Widower dating has its pitfalls, especially when all you do is give, give, give.
By Tom P Blake - Finding Love after 50
Singles need to be careful when getting involved with anyone who hasn't properly healed after the loss of a mate, especially widows and widowers. Bobbie, Minnesota, shared her widower-dating experience.
"We met at a swimming water-exercise class with me as the instructor and he as a participant. It started out great and was nice to have someone to do things with. We agreed that neither wanted to marry again. I've been divorced 26 years."
Bobbie said they dated for two years.
"We had a very nice relationship, as long as everything was about HIM and doing what HE wanted to do. We had many discussions about him always comparing me to his late wife. From time to time, he'd tell me he was having a bad time with the loss of his wife (five years) and was mad at her for leaving him. He is retired and they had many plans for retirement."
But Bobbie endured, thinking he'd change. "I had given more of myself in these two years than I intended, as he had health problems and I took care of him, helped him through the loss of an old dog, which wiped him out, and to get a new puppy. I helped him complete his home, which he'd been trying to do for 25 years, and helped clean out all his late wife's things. I made a new 'Granny' quilt, shams and curtains for his new bedroom, that HE wanted."
Bobbie added that sometimes he'd get depressed and be isolated from her for periods of time. Over the last few months, he didn't take her to couples activities as he once had. The romantic aspect dwindled and then became non-existent.
Bobbie feels he needs grief counseling. "I tried to talk to him face-to-face to seek counseling; he wouldn't discuss it. The next day I get an e-mail from him stating that he was 'putting himself to the curb' as he doesn't want to give me any of what I expect and life is going to be all about HIM now! I laughed out loud when I read it.
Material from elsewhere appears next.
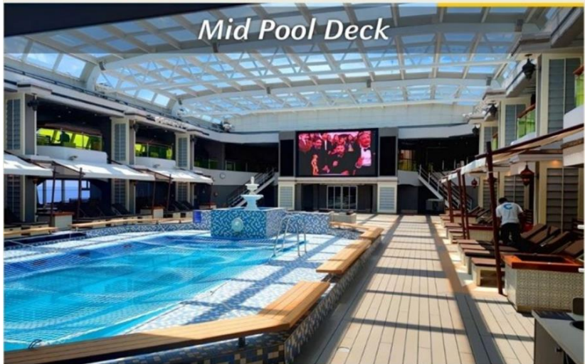
Mid Pool Deck

I was tired of being second fiddle to everyone and everything in his life. I am one spunky, happy, lady, seven-years-younger than he, with lots more ambition. She said, “All I do is give, give, give.”
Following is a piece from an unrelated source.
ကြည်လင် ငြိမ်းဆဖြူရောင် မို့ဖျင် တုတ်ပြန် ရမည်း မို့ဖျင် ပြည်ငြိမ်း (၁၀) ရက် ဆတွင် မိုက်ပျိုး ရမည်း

So it's over. "I am relieved," Bobbie says. "He is missing out on so much in life, but can't see it. One more picture to add to my 'trail of terror' on my refrigerator.
"I don't regret the relationship or all I gave to it, but I have self esteem and it is time to move on. Being mothers, women are naturally givers, but there is a time when our own worth has to be considered and we shouldn't have to give, give, give, all of the time."
By the way, Bobbie still teaches the water-exercise class and he's still a participant. One has to wonder how "chilly" that water is up there in Minnesota. Bobbie says, "We both still attend--twice a week, It's fine with both of us. He doesn't seem to be uncomfortable about it and it doesn't bother me in the least."
In writing this story, I feel there are some unanswered questions about the relationship-but I'll defer to you folks, who always have astute observations.
Widower dating has its pitfalls. No longer will Bobbie have to “give, give, give.”